Your assignment:
Without including any pictures, give back all of the data exactly.

Material supplied:
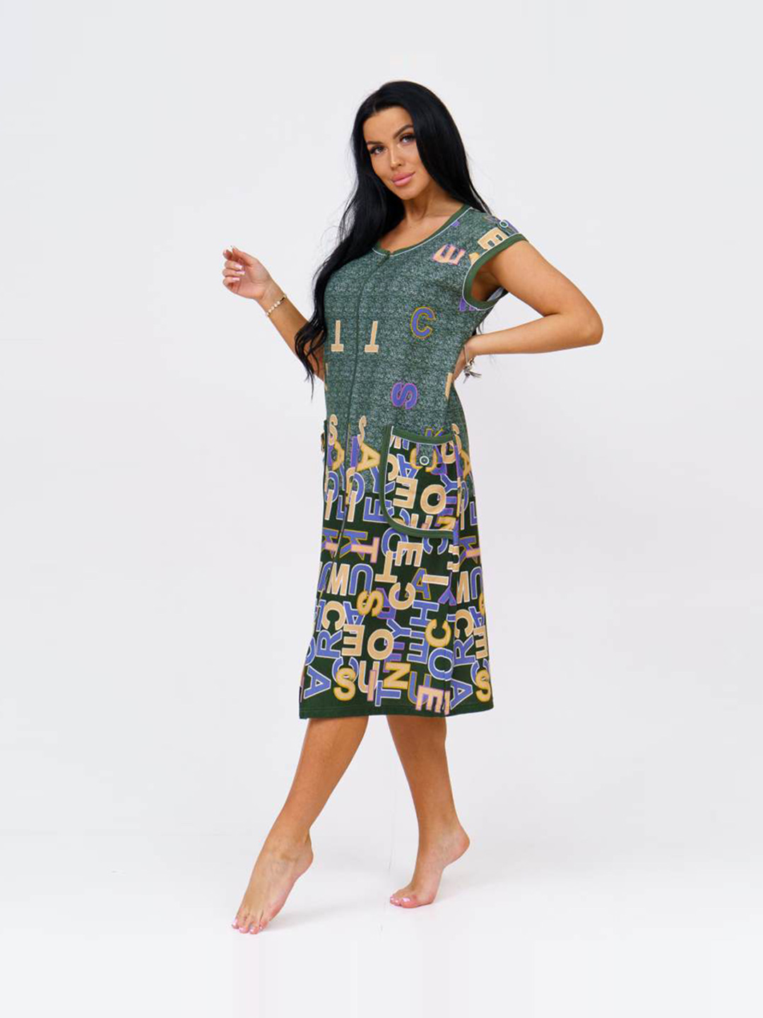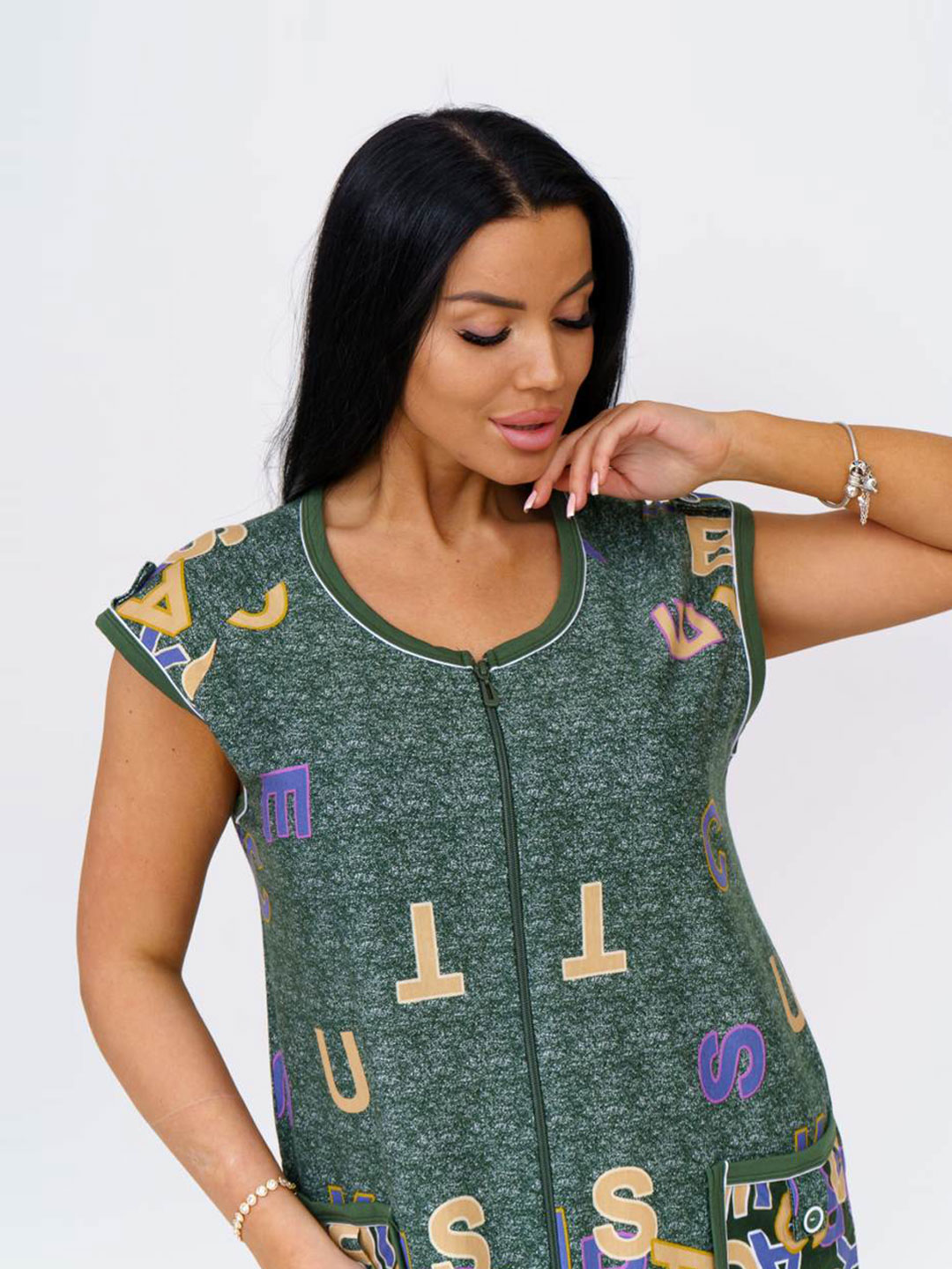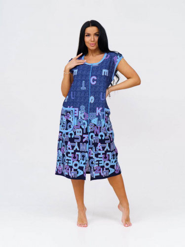 Халат женский из трикотажного полотна - кулирка, прямого силуэта с застёжкой на молиню. Полочка с накладными карманами, со вставками по плечевым срезам. Проймы, горловина и карманы обработаны окантовкой.
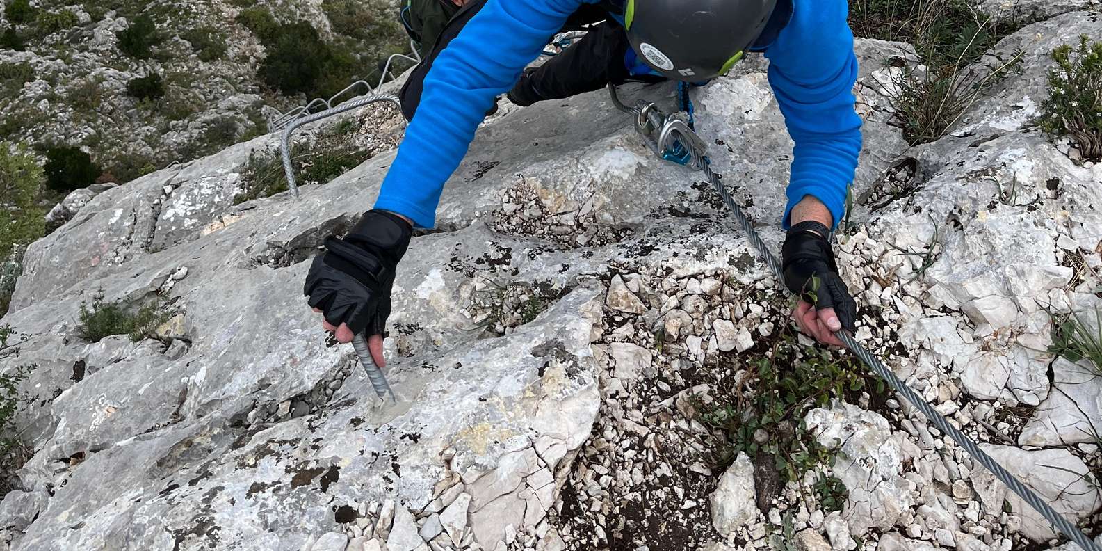 - Via Ferrata ist eine gesicherte Kletterroute mit Eisenkabeln, Sprossen und Leitern.
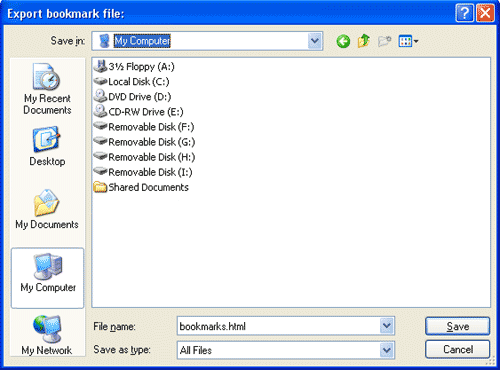 | 3 Choose location you want to save file to Click "Save" You now have a bookmark.html file. |
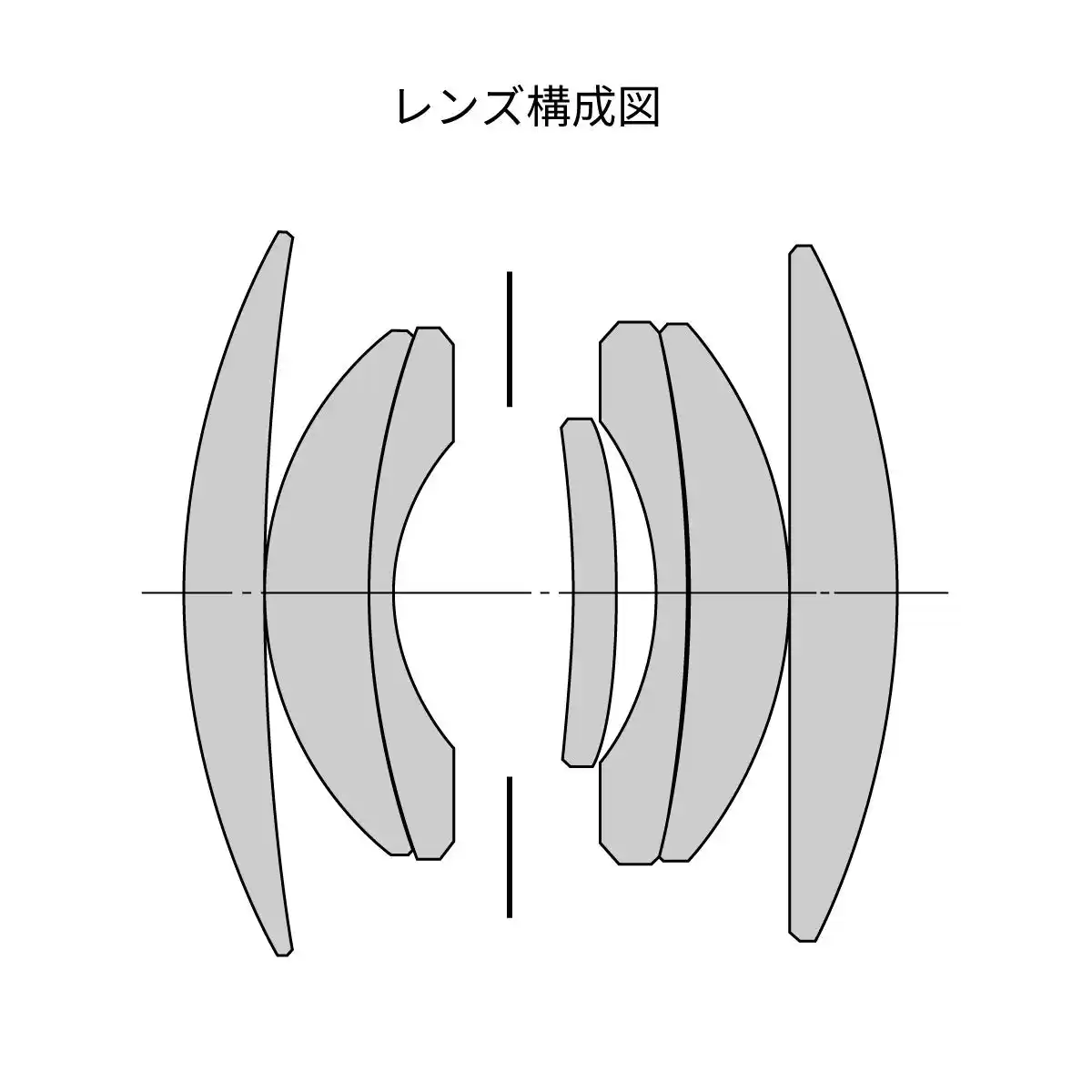 ・レンズ構成:5群7枚(ランタニウムガラス4枚、高屈折率レンズ1枚含む) |
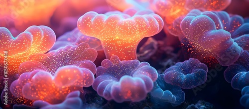 A vibrant underwater scene featuring colorful coral formations illuminated in hues of orange and blue, showcasing the beauty of marine life in a surreal, glowing atmosphere.
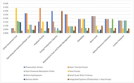 The alternatives are ranked based on their overall priority as follows: photovoltaic panels, heat pumps, solar thermal panels, micro-hydropower, integrated systems, small-scale wind turbines, biomass boilers, and solar-powered absorption chillers (Table 10).
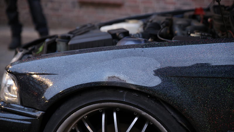 Een gedeelte van de binnenkant van het spatbord was al aan het smelten en branden. Een snelle actie met twee emmers water kon erger voorkomen. De gealarmeerde brandweer hoefde het bluswerk alleen nog maar te controleren. Toch heeft de auto flinke schade opgelopen. Het spatbord zal vervangen moeten worden en dat is door de speciale laklaag een kostbare zaak. Ook de velg raakte beschadigd. De auto is al twee keer eerder het doelwit van vernielingen geweest.
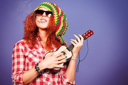 Portrait of a rastafarian girl playing her guitar.
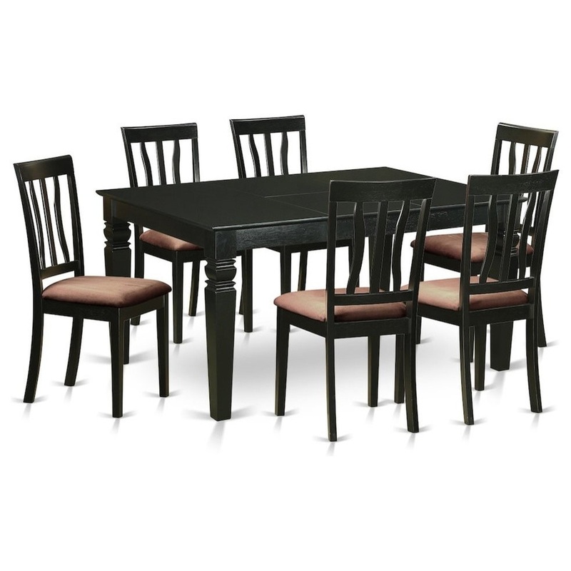 -Package Includes: 7 piece Weston Rectangular Dining Table with 18in butterfly Leaf and Six Antique Dining Chair With Microfiber Seats.
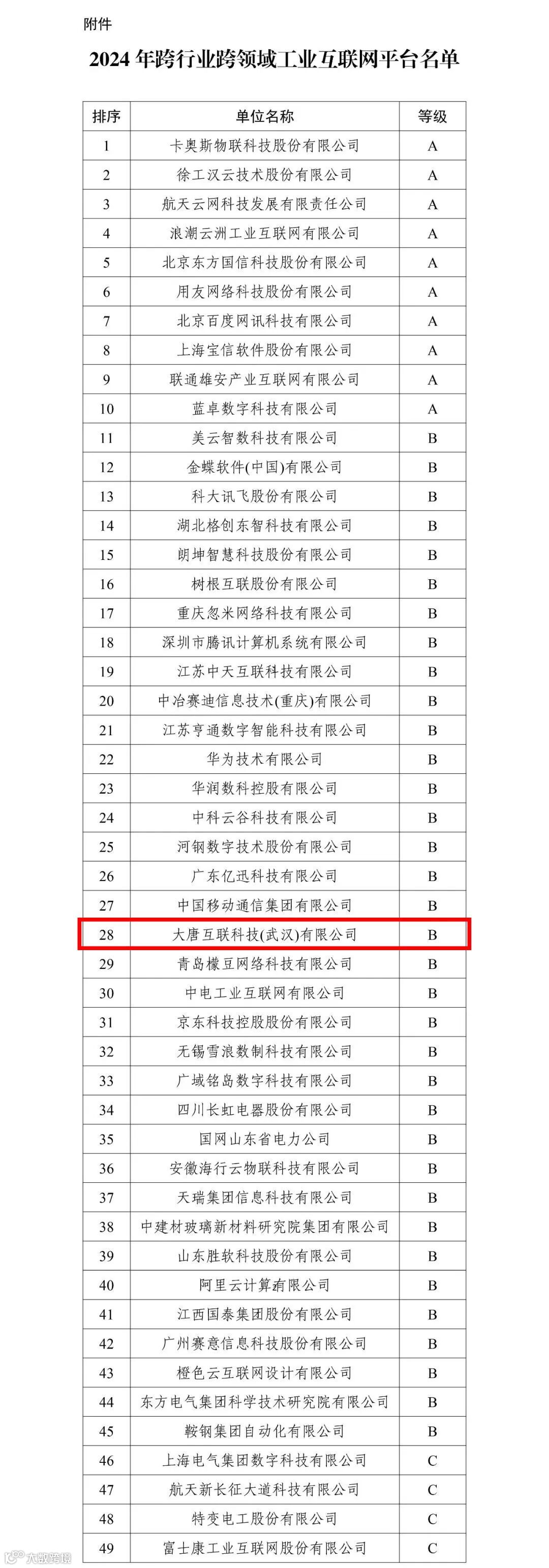 2024年10月30日,工信部公示了“2024年跨行业跨领域工业互联网平台动态评价结果”。此次公示中, 49家入围企业划分为A、B、C三个等级,其中A级企业10家、B级企业35家、C级企业4家。值得关注的是,这是自2019年工信部公布 “双跨”平台以来,首次为“双跨”平台进行分级。中国电子院旗下国投融合DTiip工业互联网平台在此次动态评价结果中表现出色,入选B类企业,排名从2023年第40位跃升至今年第28位,排名上升12位,充分展示了其平台技术水平的提升和业界的广泛认可。

Exercise answer:
 Халат женский из трикотажного полотна - кулирка, прямого силуэта с застёжкой на молиню. Полочка с накладными карманами, со вставками по плечевым срезам. Проймы, горловина и карманы обработаны окантовкой.
 - Via Ferrata ist eine gesicherte Kletterroute mit Eisenkabeln, Sprossen und Leitern.
 | 3 Choose location you want to save file to Click "Save" You now have a bookmark.html file. |
 ・レンズ構成:5群7枚(ランタニウムガラス4枚、高屈折率レンズ1枚含む) |
 A vibrant underwater scene featuring colorful coral formations illuminated in hues of orange and blue, showcasing the beauty of marine life in a surreal, glowing atmosphere.
 The alternatives are ranked based on their overall priority as follows: photovoltaic panels, heat pumps, solar thermal panels, micro-hydropower, integrated systems, small-scale wind turbines, biomass boilers, and solar-powered absorption chillers (Table 10).
 Een gedeelte van de binnenkant van het spatbord was al aan het smelten en branden. Een snelle actie met twee emmers water kon erger voorkomen. De gealarmeerde brandweer hoefde het bluswerk alleen nog maar te controleren. Toch heeft de auto flinke schade opgelopen. Het spatbord zal vervangen moeten worden en dat is door de speciale laklaag een kostbare zaak. Ook de velg raakte beschadigd. De auto is al twee keer eerder het doelwit van vernielingen geweest.
 Portrait of a rastafarian girl playing her guitar.
 -Package Includes: 7 piece Weston Rectangular Dining Table with 18in butterfly Leaf and Six Antique Dining Chair With Microfiber Seats.
 2024年10月30日,工信部公示了“2024年跨行业跨领域工业互联网平台动态评价结果”。此次公示中, 49家入围企业划分为A、B、C三个等级,其中A级企业10家、B级企业35家、C级企业4家。值得关注的是,这是自2019年工信部公布 “双跨”平台以来,首次为“双跨”平台进行分级。中国电子院旗下国投融合DTiip工业互联网平台在此次动态评价结果中表现出色,入选B类企业,排名从2023年第40位跃升至今年第28位,排名上升12位,充分展示了其平台技术水平的提升和业界的广泛认可。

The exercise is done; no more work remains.